__Task directions__: With the pictures left out, retype exactly the lines below starting at the line that contains "- Third party" and ending at the line that contains "Women's Plisse Printed".

__Data for this exercise__:
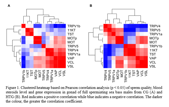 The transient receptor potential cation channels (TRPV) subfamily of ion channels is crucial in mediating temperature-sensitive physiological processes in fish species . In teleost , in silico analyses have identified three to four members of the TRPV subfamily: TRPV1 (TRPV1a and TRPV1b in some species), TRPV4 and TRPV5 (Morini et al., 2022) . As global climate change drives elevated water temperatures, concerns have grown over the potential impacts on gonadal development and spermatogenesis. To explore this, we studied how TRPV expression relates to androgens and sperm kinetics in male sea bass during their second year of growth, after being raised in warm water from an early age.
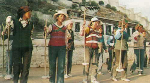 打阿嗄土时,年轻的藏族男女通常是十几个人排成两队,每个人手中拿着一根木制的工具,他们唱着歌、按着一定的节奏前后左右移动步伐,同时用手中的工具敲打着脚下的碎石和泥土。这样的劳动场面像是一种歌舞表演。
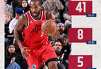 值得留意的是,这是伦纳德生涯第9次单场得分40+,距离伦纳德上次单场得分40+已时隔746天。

--

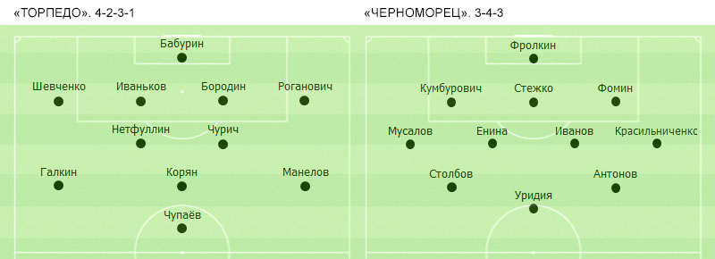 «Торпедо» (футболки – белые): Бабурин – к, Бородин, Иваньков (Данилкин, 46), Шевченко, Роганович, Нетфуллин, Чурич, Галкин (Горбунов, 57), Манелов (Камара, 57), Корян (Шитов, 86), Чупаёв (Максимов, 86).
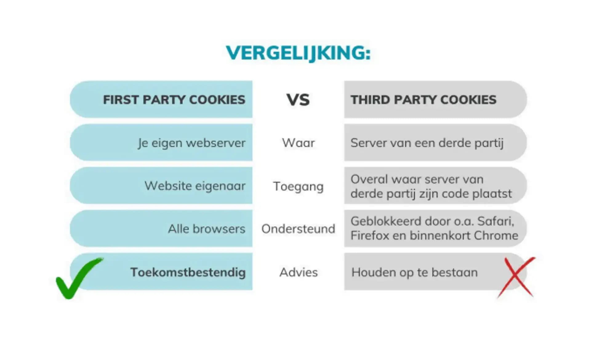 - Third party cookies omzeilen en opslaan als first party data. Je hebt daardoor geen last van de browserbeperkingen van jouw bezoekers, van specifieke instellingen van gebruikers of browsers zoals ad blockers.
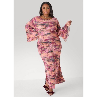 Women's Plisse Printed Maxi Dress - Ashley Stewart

--

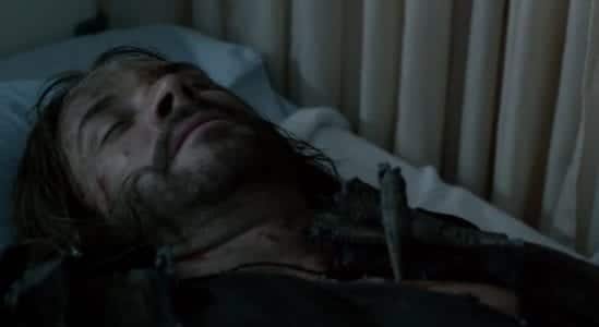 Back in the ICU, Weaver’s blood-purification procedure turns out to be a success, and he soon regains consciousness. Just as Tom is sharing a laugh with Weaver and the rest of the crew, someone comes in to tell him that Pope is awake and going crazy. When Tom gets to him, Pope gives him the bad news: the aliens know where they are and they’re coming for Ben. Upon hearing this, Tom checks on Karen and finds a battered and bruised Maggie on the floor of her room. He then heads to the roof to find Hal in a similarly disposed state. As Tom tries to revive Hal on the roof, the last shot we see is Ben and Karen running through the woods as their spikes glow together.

__Exercise result__:
 - Third party cookies omzeilen en opslaan als first party data. Je hebt daardoor geen last van de browserbeperkingen van jouw bezoekers, van specifieke instellingen van gebruikers of browsers zoals ad blockers.
 Women's Plisse Printed Maxi Dress - Ashley Stewart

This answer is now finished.